PROVIDED DATA:
____________________
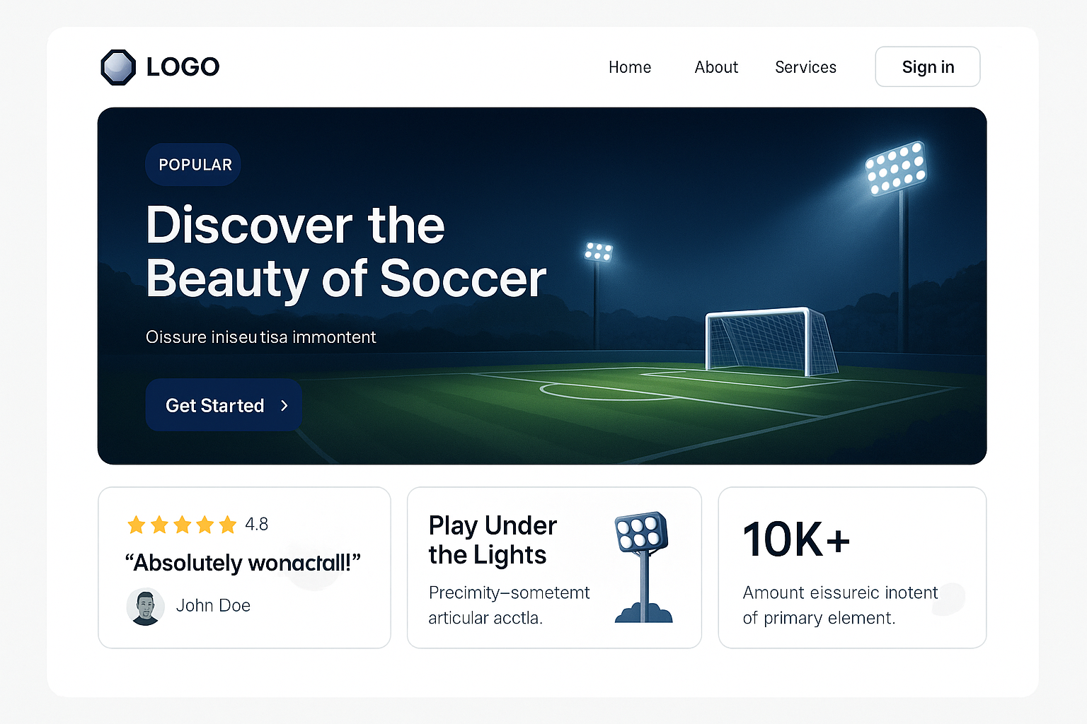 A modern landing page design featuring a 3D illustration of a soccer field at night. Includes sections for user testimonials, features, and statistics.
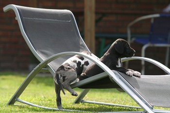 40 Die Kleine Rasselbande, erobert von Tag zu Tag immer mehr bei uns im Garten, heute der Liegestuhl :-) |
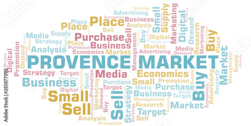 © sharafmaksumov, Obraz premium Provence Market word cloud. Vector made with text only.
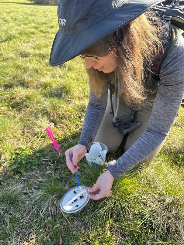 1) Taylor’s checkerspot caterpillars released under protective covers until flight at Bald Hill Farm 2) We said “see you later” to Stewardship Director Matt Blakeley-Smith after 11+ impactful years. 3) The teensiest Roughskinned newt enjoying protected habitat.
____________________
TRY IT:
Lines from the start of the material through the line containing "with text only." are to be restated word for word; no picture may be included.

TASK SOLUTION:
 A modern landing page design featuring a 3D illustration of a soccer field at night. Includes sections for user testimonials, features, and statistics.
 40 Die Kleine Rasselbande, erobert von Tag zu Tag immer mehr bei uns im Garten, heute der Liegestuhl :-) |
 © sharafmaksumov, Obraz premium Provence Market word cloud. Vector made with text only.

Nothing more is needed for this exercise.